Ainsi, ce ne sont pas seulement des indicateurs de conscience des troubles qui sont activés dans l’exercice du questionnaire d’auto-évaluation, mais tout un panel de processus cognitifs et métacognitifs interactifs, qui rendent délicat l’examen différentiel de la conscience. Par conséquent, ce type d’évaluation est rendu d’autant plus difficile dans la pathologie frontale (par exemple) que l’on voit croître leurs troubles lorsque les patients doivent résoudre un problème qui est en interaction avec leur univers personnel et social (Stuss & Benson, 1986 ; Damasio, 1995).

Par ailleurs, dans l’exercice des questionnaires d’auto-évaluation de la mémoire (une certaine catégorie de questionnaires de métamémoire), il est important d’être prudent quant aux interprétations des résultats en fonction des évaluateurs participant aux études. En effet,

un certain nombre d’études ont mis en évidence que les proches des patients pouvaient être de bons évaluateurs, voire même pour certains des évaluateurs réalistes des troubles de mémoire du patient cérébrolésé. D’autres auteurs ont remis pourtant cette idée en question (Prigatano & Fordyce, 1986 ; McGlynn & Schacter, 1989 ; Langevin, 1993 ; Croteau & Nolin, 1997). Lors d’études sur la conscience des troubles de mémoire, il a été donné à des patients, un de leur proche et un professionnel appartenant à l’équipe soignante, un questionnaire d’auto- évaluation. Seules les évaluations des professionnels étaient corrélées significativement avec des épreuves standards. Les proches sous-évaluaient les problèmes du patient en partie en raison de leurs propres mécanismes de défense face à l’événement traumatisant. McGlynn et Schacter (1989) et Nolin (1991) ont souligné que la famille peut être en processus de deuil face aux pertes fonctionnelles et cognitives du patient. La propre démarche du parent peut entraîner des réactions telles que la colère, le déni, la pensée magique ou un irréalisme face aux séquelles. Ces états affectifs pourraient fausser l’évaluation qu’ils font des capacités du malade. Comme l’ont noté Croteau & Nolin (1997), il semble essentiel de tenir compte du niveau d’adaptation des proches lorsque l’on songe à utiliser leur jugement comme critère de comparaison dans une mesure d’évaluation. Certains proches, vivant difficilement la situation, pourraient majorer les troubles du malade dans l’évaluation qu’ils pourraient fournir dans les questionnaires, alors qu’au contraire, d’autres, s’étant adaptés aux troubles, pourraient les minorer. A l’opposé, le professionnel est plus susceptible d’être "objectif" parce qu’il n’est pas totalement intégré dans une relation personnelle avec le patient. Par ailleurs, la littérature (Sunderland et al., 1983) souligne que les items des questionnaires ne renvoient pas toujours explicitement à des situations de la vie quotidienne ou que la mémoire n’est pas sollicitée de la même manière dans les tests en laboratoire et dans la vie de tous les jours (indices contextuels permettant un recouvrement des informations en mémoire), ce qui peut expliquer cet écart entre évaluation des patients ou de leurs proches et tests objectifs de mémoire.

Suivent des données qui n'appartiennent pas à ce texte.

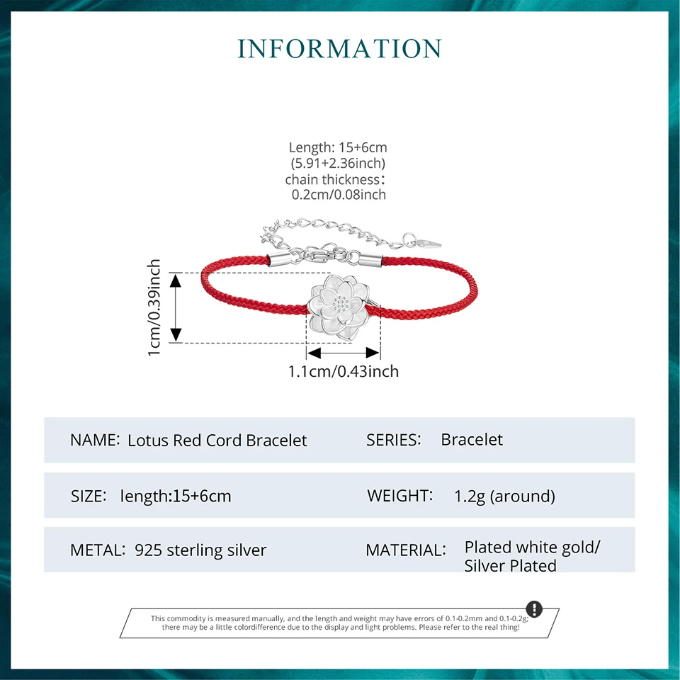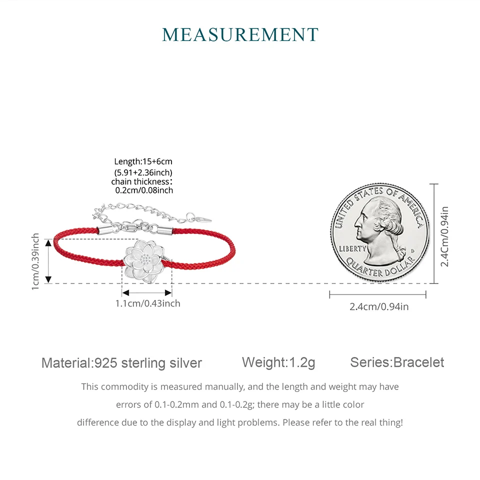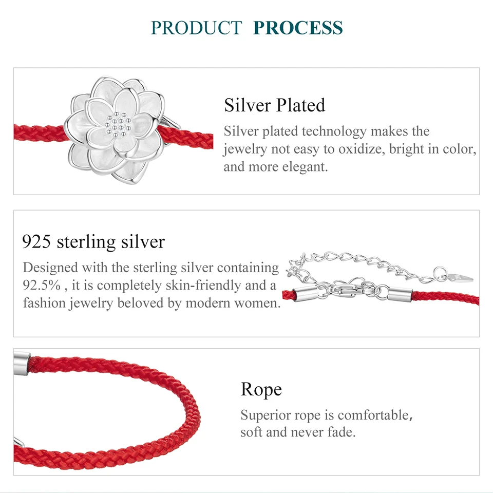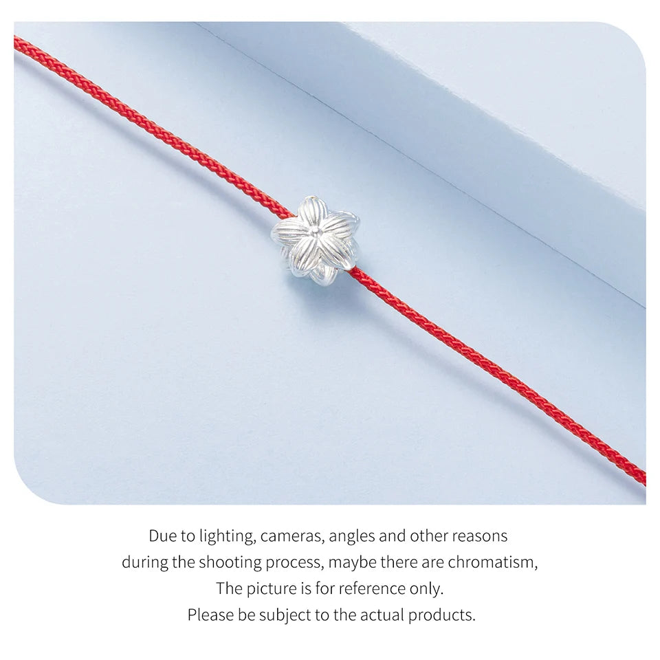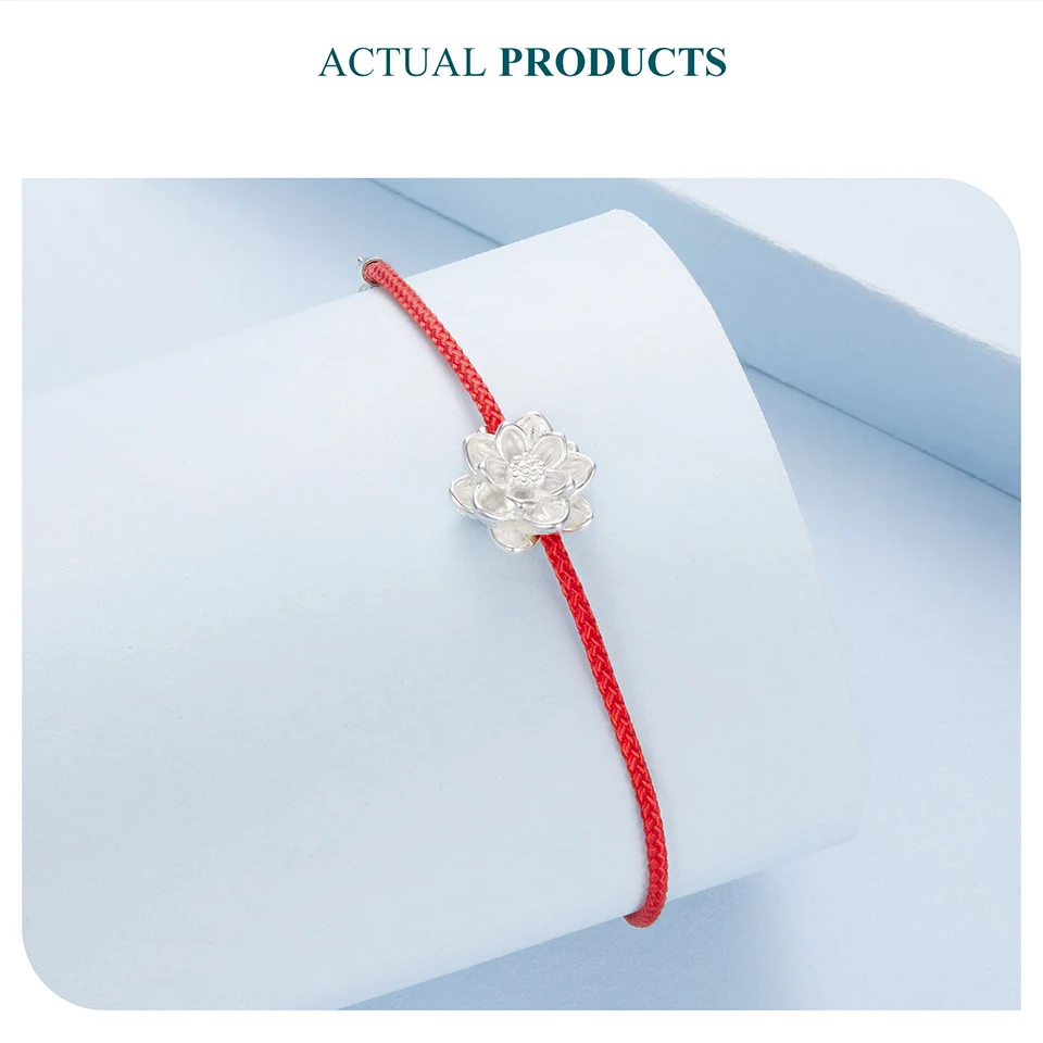 925 Sterling Silver Lotus Bracelet, White Gold Plated Dainty Red Rope Knotted Cotton Chain Bracelet for Women

En dépit des réserves exposées, Dixon (1989) distingue plusieurs raisons pour lesquelles des questionnaires sont utilisés :

- ils peuvent servir à simuler des manifestations de la vie quotidienne,

- ils permettent une représentation plus adéquate de l’étendue des phénomènes métamnésiques,

- ils peuvent fournir un moyen naturel de représenter la multidimensionnalité du phénomène,

- ils permettent de promouvoir le travail théorique dans cette perspective (c’est-à-dire de la multidimensionnalité),

- ils permettent de promouvoir le travail théorique sur le lien entre métamémoire et mémoire,

- ils permettent une articulation entre processus sociaux, affectifs et cognitifs.

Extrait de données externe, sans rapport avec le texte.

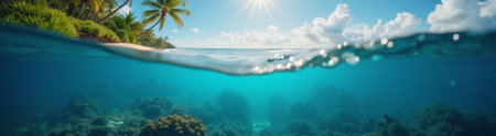 Underwater view of tropical island with palm trees and turquoise water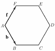 Az $ ABCDEF $ szabályos hatszögben $ \vec{b} = \overrightarrow{AB} $ és $ \vec{f} = \overrightarrow{AF }$ . Fejezze ki a $ \vec{b} $ és $ \vec{f} $ vektorok segítségével az $ \overrightarrow{AD} $ vektort!

En outre, Van der Linden et Wyns (Van der Linden & Bruyer, 1991) voient un intérêt sur le plan pratique à utiliser ces questionnaires : « l’auto-évaluation par questionnaire permet de repérer les croyances du patient sur ses capacités ; l’identification de ces croyances est importante : elles peuvent déterminer une tâche ; elles peuvent également influencer le déroulement d’une rééducation. ». Cet intérêt thérapeutique est également mis en avant par Croteau et Nolin (1997).